Yes, please clean the glass, and try again...


----------



## tithe2008 (Jun 13, 2009)

well the tank is clean... on the outside... but this guy moves so much I have yet to get a clearer pic, i took 20 and in half of them all you see is a blob of color. he seems to be VERY active and likes to hang out in the silk plants if that gives anyone an idea at all. I will keep trying to get a good pic and post it asap.


----------



## tithe2008 (Jun 13, 2009)

PICTURES 

well i swear i cleaned the glass but i did 2 water changes after... the good news is that thought the water is still kinda green you can actually see everything clearly.


----------



## MCKP (Aug 17, 2009)

Have you taken your water into be tested?? I have never seen water that green before..... especially after a couple water changes.... you may want to invest in a temp tank and do a good thorough cleaning of that one before you add any fish into it.... You may also have to only use sterilized water(you can buy it or boil your own and let it cool)...... It worked with some of my small tanks(2 1/2 gallon).... is it possible too that your filter is just not working good enough?
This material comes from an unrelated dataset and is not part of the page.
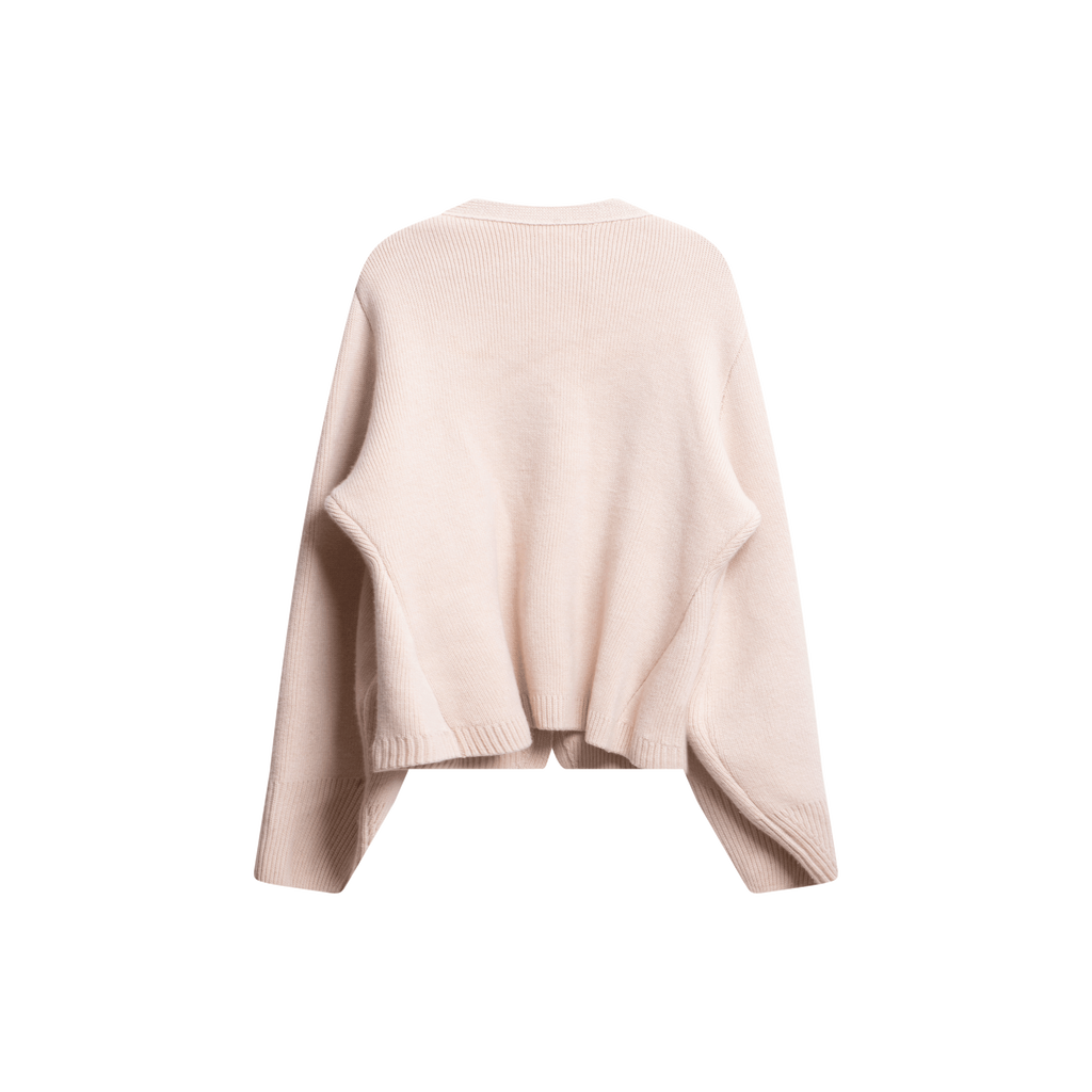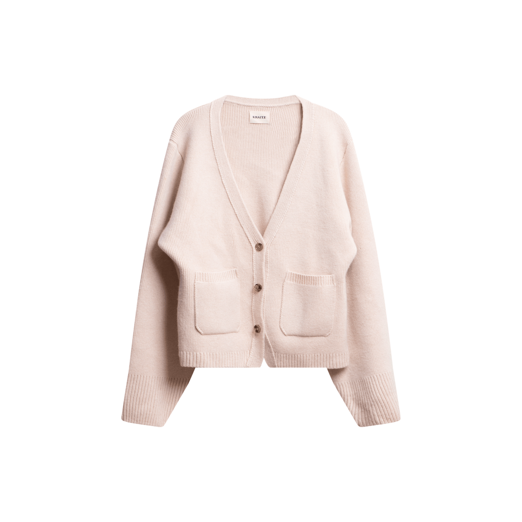 Khaite Scarlet Cashmere Cardigan features three button front, deep V-neckline, hip patch pockets, ribbed hem and cuffs.

I would go with a good cleaning and sterile water first and see if that helps at all.... hope this helps!


----------



## tithe2008 (Jun 13, 2009)

I think its algae... we have well water chuck full of iron, before i did the water changes i tested it and everything comes out good it was cycling when it started.

some of that is sand also... I did a 50% water change about 10 minutes before i took the pictures.


----------



## aaquale1 (Apr 18, 2009)

off topic but use Algae Fix... works like a charm.


----------



## tithe2008 (Jun 13, 2009)

is it ok for the fish?

also if anyone has any ideas as to what this guy could be please let me know...

he is with my other fish now and my male totally ignores him but my smallest female chases him around ocationally


----------